At a strictly descriptive level, the project brings together 56 paintings made on as many Dacia 1300 car hoods, whose iconography is provided by the communist history of Romania. Beyond the originality elevated to the rank of ingenuity through the means of art, it captures the double perspective, subjective and objective, with which the artist operates simultaneously. The two visions coexist harmoniously, in a stable balance of playfulness. Not at all frightened, the subjects of the “hoods” do not miss any defining aspect of the period they describe. However, the stakes are not descriptive. The great license is the right distance and the sense of measure in dealing with the subject. In Gheorghe Ilea’s lexicon of signs, the framing, the colors, the iconic or the choice of the representative moment of the approached narrative chapters, play the main role.
The impact force of the images is stronger than that of a possible entire archive of the main news journal of the so-called golden age. The interference of the great history with the subjective vision of the passed period, brings into discourse that human side which in principle escapes voluntarily or deliberately the creators of the past. The family photo, the postcard, the comic book magazine, the icon or the famous label, once the most (re) known, Made in China, parade on the hoods once produced in Pitesti, after a Renault license.
The representations subtly avoid the exclusivity of the political subject and at the same time free themselves from the geometric “tyranny” of the supports. Related to the latter aspect, I further propose, for the extension of the analysis, some somewhat morphologically similar landmarks. Bruno di Marino, together with his colleagues from the creative group Studio Azzuro, artistically proposed the (kinetic) image without frame, by transforming the three-dimensional space into a support for projections. Nam June Paik also tried to “abolish” the tyranny of monitors, by investing them with visual function in his installations, but also by appealing to other limits of the framework, than those of the devices. Finally, keeping all the relationships of environment, time, distance and orientation, Dan Palade, through his recent project, “Workbook”, used unconventional materials for painting, especially tin that once covered a communist industrial mastodon and became a support for his artistic representations.

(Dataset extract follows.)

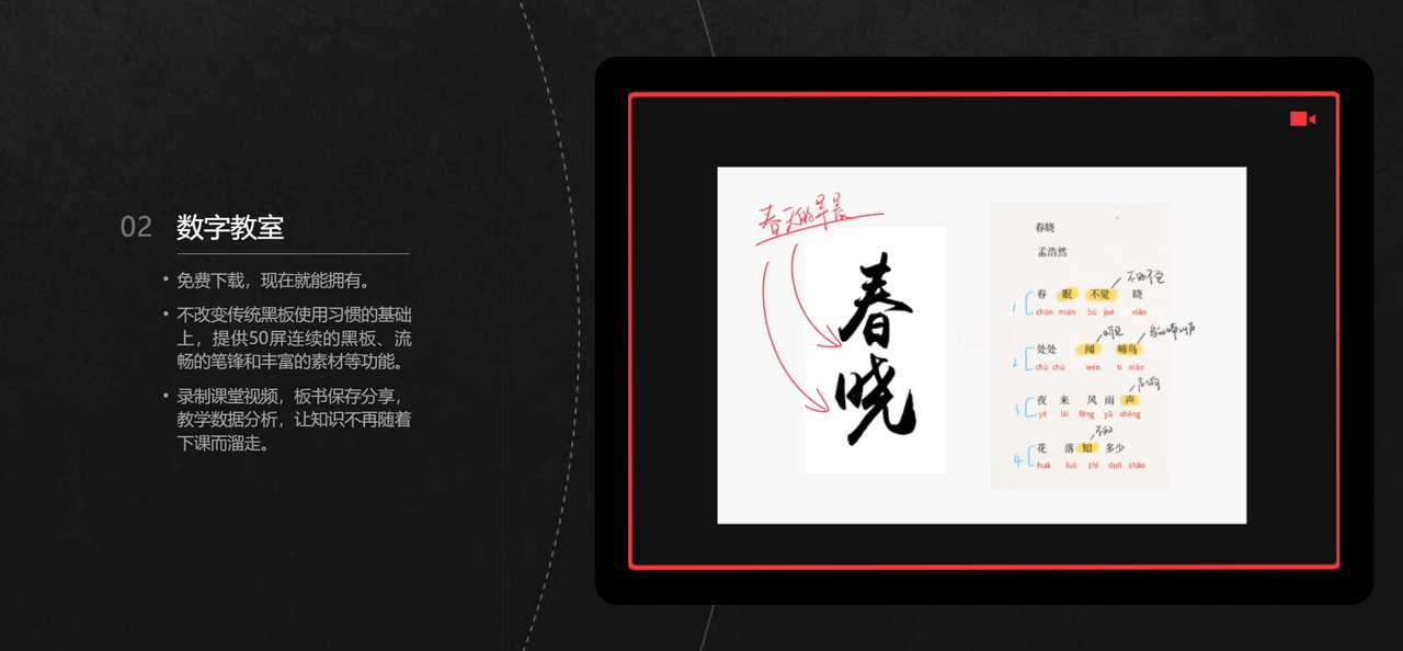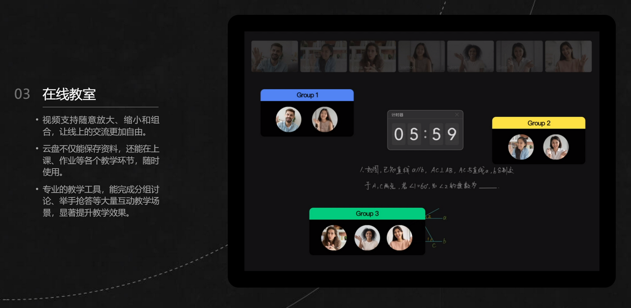 创新互动黑板功能,支持无级滚动书写、多人协同编辑,0.03~0.06 秒超低书写延时,板书体验媲美线下粉笔书写。

Returning to Gheorghe Ilea, for him the Dacia hoods become diary pages. The framing solutions sometimes involve the inscription of geometric shapes in that of the ready made object, other times its treatment as a three-dimensional support or even as a window to the represented subject. We must not ignore the fact that between the idea and its materialization we are dealing with a quality that transcends persuasion: artistic value. Painting scenes from the construction on a culture club does not automatically equate to an artistic act. Fortunately, there are no recipes in this area. At least no one can boast of sure ingredients of success. I note that the artist is consistent with himself, in terms of creativity and that Bucharest is not the only way to develop and access the “good world” of the arts. Sometimes, the road to the West is shorter from Cluj, Timișoara or Iași. In terms of internal resources, even though artist Cai Guo-Quiang suspended no less than nine Chevrolets (real and functional) in the atrium of the Guggenheim Museum in New York four years ago (2008), I think that piloting a Dacia 1300, on the right route can also get you to a large biennial or a large museum.